Problems with the county's homeless program came to light last year after the Tampa Bay Times published a series of articles detailing the poor living conditions paid for on the taxpayers' dime. County employees were sending people to live in housing rife with insects, walls smeared with excrement and high crime. The county shut down its Homeless Recovery program on Dec. 31, pledging to turn over operations to nonprofits that specialize in working with this population.
Last month, county commissioners took the first step in revamping the program. They smartly authorized a $1.18 million contract with the nonprofit Metropolitan Ministries to provide temporary shelter for homeless families and women.
Now the work-release center, near the Orient Road Jail in east Hillsborough, provides another option for temporary housing. It has 175 beds, a cafeteria, easy access to bus services and office space that could house support services. Merrill says he is likely to accept Gee's offer. He also should embrace overtures from Hillsborough Tax Collector Doug Belden, who has said his staff could provide intake services at shelters and secure Florida birth certificates and ID cards for the homeless at no cost. Separately, Belden said he would work to raise money to support homeless services in Hillsborough.
Partnerships work, as evidenced by success stories like Pinellas County's Safe Harbor, a 470-bed temporary shelter in Largo run by the sheriff's office and funded by the county and several cities. Hillsborough should take note and follow suit.

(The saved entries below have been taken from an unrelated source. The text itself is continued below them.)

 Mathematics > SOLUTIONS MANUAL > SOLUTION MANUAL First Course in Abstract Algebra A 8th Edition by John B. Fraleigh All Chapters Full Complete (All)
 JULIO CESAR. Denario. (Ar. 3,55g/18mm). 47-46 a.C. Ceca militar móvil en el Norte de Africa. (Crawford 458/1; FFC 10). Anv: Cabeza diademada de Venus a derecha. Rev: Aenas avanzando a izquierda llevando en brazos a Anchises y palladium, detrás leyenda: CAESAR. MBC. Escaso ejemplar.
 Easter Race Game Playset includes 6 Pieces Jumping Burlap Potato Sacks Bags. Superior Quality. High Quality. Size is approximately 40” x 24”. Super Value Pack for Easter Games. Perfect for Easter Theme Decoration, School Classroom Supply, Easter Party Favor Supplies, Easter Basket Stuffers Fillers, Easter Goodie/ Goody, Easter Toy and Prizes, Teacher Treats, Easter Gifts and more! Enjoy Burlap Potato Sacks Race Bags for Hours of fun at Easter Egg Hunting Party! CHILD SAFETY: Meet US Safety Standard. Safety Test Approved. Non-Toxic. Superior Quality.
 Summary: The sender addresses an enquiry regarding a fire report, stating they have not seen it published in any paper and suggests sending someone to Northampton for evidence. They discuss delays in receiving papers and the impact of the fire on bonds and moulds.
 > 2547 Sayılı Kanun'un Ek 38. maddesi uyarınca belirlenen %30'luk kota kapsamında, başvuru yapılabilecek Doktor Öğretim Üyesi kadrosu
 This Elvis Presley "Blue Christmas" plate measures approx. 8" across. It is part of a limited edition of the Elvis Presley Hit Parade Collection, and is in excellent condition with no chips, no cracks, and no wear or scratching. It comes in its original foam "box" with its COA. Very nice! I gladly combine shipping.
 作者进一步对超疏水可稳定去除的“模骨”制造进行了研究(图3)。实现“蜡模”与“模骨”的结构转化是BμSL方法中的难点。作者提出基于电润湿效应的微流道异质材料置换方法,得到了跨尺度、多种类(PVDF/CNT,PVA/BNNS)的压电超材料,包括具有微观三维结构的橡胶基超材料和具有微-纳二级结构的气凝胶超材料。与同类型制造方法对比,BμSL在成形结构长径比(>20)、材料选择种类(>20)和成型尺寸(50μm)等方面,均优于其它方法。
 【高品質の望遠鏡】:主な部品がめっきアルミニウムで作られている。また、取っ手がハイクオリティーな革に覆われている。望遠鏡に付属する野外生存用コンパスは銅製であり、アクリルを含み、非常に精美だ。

The shortage of appropriate, temporary housing for the homeless is a huge problem that won't be solved overnight. Even with nonprofits in charge in Hillsborough, the lack of affordable housing looms large. But finally county officials are taking action — even if some of the most innovative ideas seem to be coming to Merrill and his staff instead of from them. They need to keep going and continue to put significant money and oversight behind promises to help the homeless find solutions both temporary and permanent.